High-temperature aquifer thermal storage (HT-ATES) can be used to solve the problem of inter-seasonal thermal energy storage in solar heating, but low heat recovery efficiency seriously affects its efficient and sustainable operation. Taking the HT-ATES system as the research object, a flow heat exchange model was constructed, and heat losses evaluation indexes were defined. Based on quantitative analysis of the heat losses in various parts of the formation, the main factors affecting recovery efficiency (R) and formation heat losses (Q_s,m) were revealed. The simulation results indicated that R and Q_s,m were more sensitive to permeability, reservoir thermal conductivity, and flow rate. Reservoir permeability decreased from 4.5D to 0.5D and thermal conductivity decreased from 2.5W/(m·K) to 1.8 W/(m·K), which could reduce Q_s,m by 4.9% and 6.6% respectively, and increase heat extraction by 3% and 2.4%, thereby rising R by 1.8% and 1.7% separately.

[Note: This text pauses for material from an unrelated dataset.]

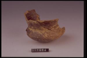 Bicchiere carenato con fondo ombelicato. Colore non omogeneo bruno nerastro; superficie esterna semilucida.

Magnifying porosity of the reservoir from 0.15 to 0.25 and capacity from 830J/(kg·K) to 1030J/(kg·K) could increase heat storage capacity of reservoir by 2.1% and 3.1% respectively, and decrease thermal effect range by 1.64m and 2.18m separately. The rise of temperature and flow rate of the injection fluid led to a 0.5% decrease and a 5.6% increase in R, respectively, and appropriately growing flow rate and reducing injection temperature could maximize thermal storage capacity and recovery efficiency of the HT-ATES system. Quantitative analysis of heat losses in HT-ATES system provided scientific basis for reservoir selection and optimal development strategy formulation.

Key words: high-temperature aquifer thermal storage (HT-ATES), recovery efficiency, formation heat losses, sensitivity analysis, heat losses quantitative analysis

摘要：

高温含水层储热（HT-ATES）可解决太阳能供暖跨季节储热难题，但热回收效率低，影响其高效、可持续运行。以HT-ATES系统为研究对象，构建了流动换热模型，提出了热量损失评价指标。基于对地层各部分热损失的定量分析，揭示了影响热回收效率（R）和地层热损失（Q_s,m）的主要因素。模拟结果表明，R和Q_s,m对渗透率、储层热导率和流量更为敏感。储层横向渗透率由4.5D降低至0.5D、热导率由2.5W/(m·K)降低至1.8W/(m·K)，可使得Q_s,m分别减少4.9%、6.6%，采热量分别增加3%、2.4%，R分别提高1.8%和1.7%。储层孔隙度由0.15增大至0.25、比热容由830J/(kg·K)增加至1030J/(kg·K)，可将储层储热量分别提高2.1%、3.1%，并使热影响范围分别缩小1.64m、2.18m。注入流体温度和流量的增加分别导致R下降0.5%和提高5.6%，适当提高流量并降低注入温度可实现HT-ATES系统储热量和热回收效率的最大化。量化分析HT-ATES系统热损失为储层的选择以及最佳开发方案的制定提供了科学依据。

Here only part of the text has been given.